Types Of Healthcare In The United States

Let's face it, we all need it, but many of us don't understand it at all. Health care has in the United States has become so confusing that most of us have just given up trying to understand it. There are so many different types of plans and providers that when they ask you to choose your provider or service, more than likely you simply ask what everyone else has. While asking other people have may tell you whether or not they are happy with their healthcare, it doesn't tell you whether or not their plan is right for you. To help you, we've assembled brief guide on the different types of healthcare in the United States.

Most every healthcare program available at the workplace is some type of "managed care" plan. What this means is that the company, or provider, has a variety of systems and protocols in place to help them control costs. Unfortunately for you, when they control costs it makes it more difficult for you to receive outstanding service. Unfortunately, that seems to be the nature of the beast and there isn't much you can do to change that. However, if you choose the plan that will cover you the most efficiently, then you should set yourself up for success.

The most confusing type of plan by far is the fee for service plan, which basically has several tiers involved, making it difficult to know how much you will have to pay. Basically, these plans involve a monthly premium in exchange for the insurance company taking most of the hit. The problem with these plans is that before the insurance company will pay any money, you will have to meet your deductable first. Usually you can choose the level of deductable when you sign up for the service, but it can vary by person or company. Once you've reach this point, then the insurance company will start sharing the bill with you. Eventually, if you pay enough you will reach your cap, which is the most you have to pay in a year. At that point the insurance company will cover everything from that point on.

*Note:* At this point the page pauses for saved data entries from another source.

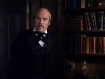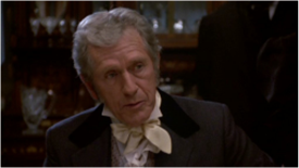 Der Butler Edward öffnet die Tür, als George Weihnachten 1864 überraschend nach Hause kommt.
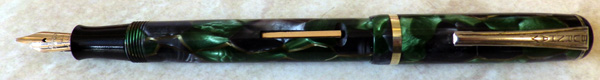 This Burnham No 51 is an example of the latter. The seller’s photographs were good and it appeared to be free of the pernicious crazing. The green and grey with amber veins made a wonderful pattern. To cut a short story even shorter I bought it and I was not disappointed when it arrived. Though it’s quite a small pen (11.8cm capped) it’s a good quality one. The cheaper versions have screw-in nibs but this one has a proper 14ct gold nib and ladder feed, held by a robust section. Unlike later Burnhams this example has a low, rounded clip screw which gives the cap a pleasing design. Burnham’s Achilles’ Heel is poor gold plating and this pen is no exception. The gold wash clings to the lever and cap ring but is largely gone from the clip. It doesn’t spoil it, really, because the base metal of the clip cleans up to an impressive shine.
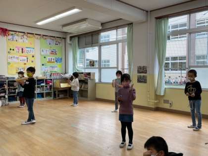 友達とつくった学校のカルタを元気いっぱい読みました!
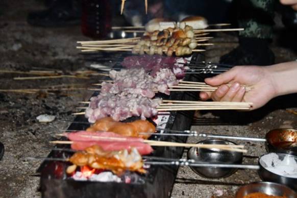 “世界上最痛苦的事不是沒燒烤吃,而是燒烤就在眼前,卻還沒烤熟。”官兵圍在一個個燒烤架邊,將精心醃製的烤料放在燒烤架上,一縷縷炊煙攜着香味飄起,所到之處勾人食慾,“吃貨”們早已按捺不住、垂涎欲滴,燒烤架上的“滋滋”聲合着歡歌笑語聲,幸福和歡笑也在一飽口福中填滿整個假期。
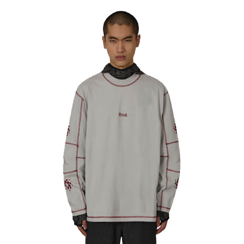 ROA Hiking Info Stitch Organic Long Sleeve – Light Grey: Long sleeve graphic tee made of heavy-weight organic cotton jersey, light grey color. Printed contrasting design on the front, and printed design on the back in red halia color. Ribbed collar.
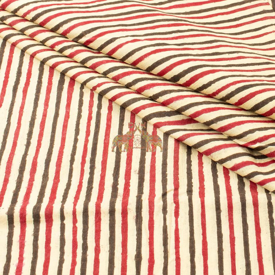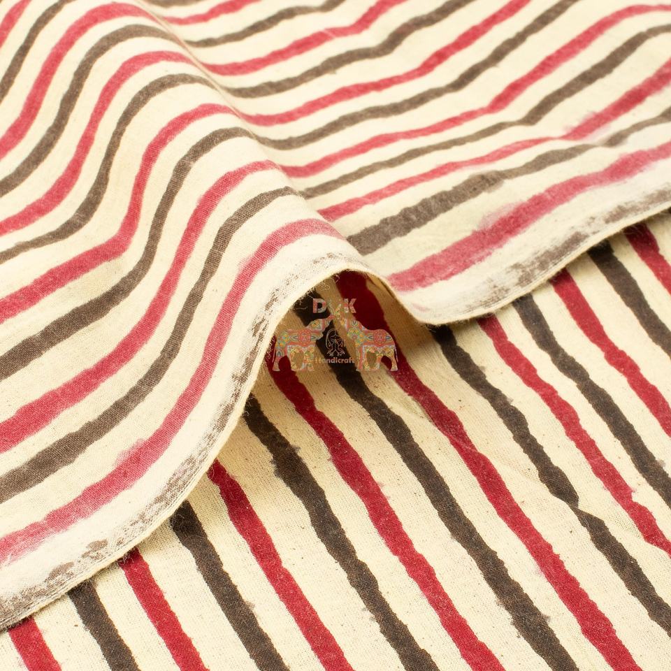 ผ้าพิมพ์ลายบล็อกอินเดีย ผ้าลายทางพิมพ์ลายบากรู สำหรับทำเสื้อผ้า ผ้าฝ้ายเนื้อนุ่ม ลายพิมพ์บากรู
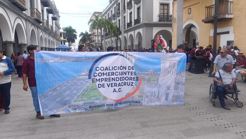 La mañana de este jueves 12 de febrero, comerciantes informales de la ciudad y puerto de Veracruz se manifestaron para exigir que se les permita trabajar libremente durante las fechas en las que se realizará el Carnaval 2026.

HMO's, health maintenance organizations, are the most common plan and consist of a monthly premium, followed by a deductable or co-pay. Generally speaking, you will pay a small portion of the total cost for everything within the plan. You may pay $5 for medication, $20 for office visits, and $200 for something serious, but the plan can be chosen and varied depending on who the provider is.

Lastly, you can choose health savings accounts, which basically free you from an HMO. In this case you will set aside money every month in the event of an accident or emergency. Although these can be nice, if you come upon something major, you may not have enough to cover it. Overall, the best choice is to choose a combination of a health coverage provider, such as an HMO, and a health savings plan to help you save for the deductibles.